1. I genuinely hate homework

Do you love homework? Doubt it. I can’t stress enough how much work-at-home plays into a university degree. Initially, I thought I had won the lottery when I threw together my timetable for the first time. Only ten hours a week worth of classes? Sign me up! But behind the curtain, there is a reason why being a university student is a full-time ordeal. Unbeknownst to me, it meant was that around 85% of my work would be done at home instead of face-to-face.

So, if you’re like me and would rather sit in your room and stare at a wall than pick up and flick through a textbook, then you might struggle at uni. Especially since during the semester, it doesn’t matter whether you’re in the middle of exam period or taking a moment to catch up on the latest Netflix series, you will never not be at uni and all the work you have to do will constantly be at the back of your mind.

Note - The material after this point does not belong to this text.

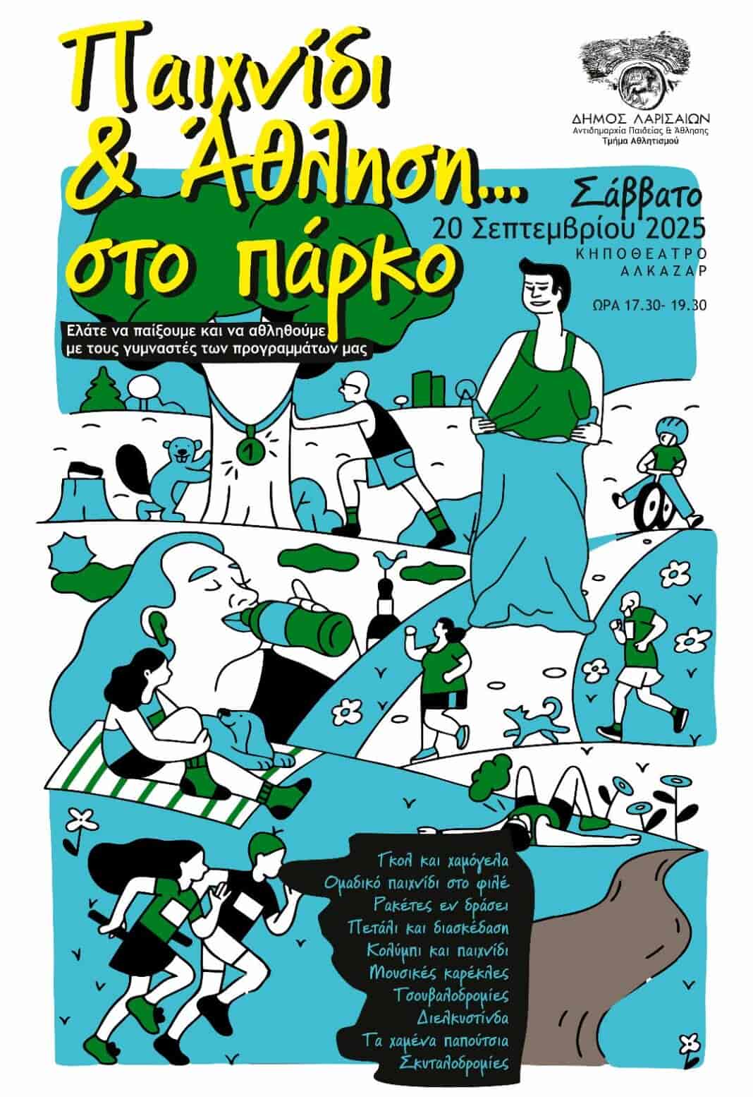 Το Τμήμα Αθλητισμού της Αντιδημαρχίας Παιδείας και Άθλησης Δήμου Λαρισαίων σας προσκαλεί σε μια όμορφη γιορτή γεμάτη παιχνίδι και άθληση, ανοιχτή σε όλους, μικρούς και μεγάλους, στο Κηποθέατρο Αλκαζάρ.

2. Landing a gig would be easier

In Australia, we’re facing a skill-shortage of monumental proportions. Tradies are struggling to find younger apprentices to train and get qualified. On the other side of that coin, Australia has an excess of university degrees, meaning it’s harder and harder for graduates to find even entry-level positions once they’ve finished studying. A report published by the Foundation for Young Australians (FYA) shows that landing a full-time gig after finishing full-time study takes an average of 4.7 years.

If I had done an apprenticeship and learnt a trade, I wouldn’t be in this position of sending out my resumes to companies I don’t care about so that I can stop wallowing around in my mother’s house carrying my student debt on my back.

3. An apprenticeship gives you a legit qualification

You’ve got a thing. You enjoy the thing. You know you want to do the thing for your career. Do you want to learn how to do the thing? Sometimes, uni isn’t the best way to do this.

Looking back at my studies, I laugh at how naïve I was to think that a Bachelor of Communication in Advertising was going to teach me how to handle the Big Bad World. I thought I was going to learn the ins-and-outs of how the world of advertising works and have my own four-walled office with my whiskey on-the-rocks at 10am and be just like Don Draper… but just as Roger Sterling said, at some point, we’ve all parked in the wrong garage.

Do I regret my time at uni? Not entirely. I was chosen to go to Melbourne for an industry visit to a few agencies and publishers, I studied in Malaysia and Singapore and I was lucky enough to be selected for an internship with an advertising agency. All pretty cool shit that I wouldn’t have been able to do if I didn’t go to uni.

But at the end of the day I walked out of there with a piece of paper saying I had studied, Advertising, not one that said I could now legally do it. 

4. Uni is expensive

This one’s a real kick in the pants. There’s a pretty fucking good reason there’s a student discount at the movies- making ends meet when you’re a student is tough. Real tough.

I’ll never forget having a conversation with my cousin who had been studying hairdressing for a number of years. She asked me, ‘do you get paid to go to uni?’

Not only do you absolutely not get paid, but going to uni costs a shit load, from your actual HECS debt to textbooks and unpaid pracs.

But, if you do a traineeship or apprenticeship, you can be one of the lucky ones that earns cash whilst simultaneously getting qualified. Doing a trade can really lay the bricks and mortar (pun intended) for your future without leaving you under a mountain of debt and mi goreng noodles.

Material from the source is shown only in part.